Well this is a bother: navcoder can't snoop the I-Bus when its using a K+DCAN cable. It appears to only be seeing traffic that it generates. Looks like I'm going to need to build an adaptor cable with a direct I-Bus tap next.
If you're connecting to the diagnostics port (20-pin or OBD), you'll only get D-Bus traffic. D-Bus uses a different protocol, which is a discussion for another time.
You can however still use the interface on K/I-Bus as (like most buses of this era of BMWs), it's a derivative of ISO 9141 K-Line. You just need three pins from the interface, 12V, Ground, and K-Line. The latter- K-Line, just being substituted for whatever bus you connect to.

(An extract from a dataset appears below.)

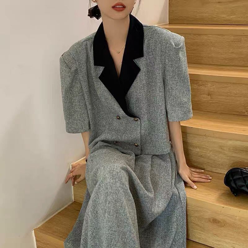 ノッチ付き半袖ダブルブレストシャツ女性スーツパフブレザーカーディガンウエストプリーツスカートセットジャケット ショート ハーフスリーブ asa36736602509

Hmmm... looks BlueBus is sending something to the GT at 46791 and its responding at 46870 just before the cutout. Ident? Then ident response is logged right around where screen cuts back in.
You're spot on.
[46791] DEBUG: IBus: RX[5]: 3F 03 3B 00 07 [SELF]
00
is a diagnostic request for IDENT.
[46870] DEBUG: IBus: RX[36]: 3B 22 3F A0 39 31 31 35 30 33 33 31 30 30 38 30 36 31 34 32 31 30 33 30 31 34 35 30 36 37 2E 31 30 30 30 AE
A0
is a diagnostic reply- essentially it's 'success'.
You're obviously au fait on the development side, but as a quick note on the protocol- the commands, i.e. 0x00
through 0xff
, are in a global scope; it should do the same thing every time, on every bus, be it K, I, or D. Now, it wouldn't be BMW without some exceptions, but with respect to these commands, you'll only ever seen them used in a diagnostics.
[46915] DEBUG: IBus: RX[7]: ED 05 F0 4F 02 11 44
This is the TV module (0xED
) turning the BMBT (0xF0
) display off.
[54635] DEBUG: IBus: RX[7]: ED 05 F0 4F 12 11 54
This is the TV module turning the BMBT display on.
~~Errr....~~
~~[46896] DEBUG: IBus: RX[5]: 3F 03 3B 11 16 [SELF]
~~
~~We got a buffer underrun!~~
Edit: Ahah, literally just proved my own point on the global scope exceptions. Ignore this.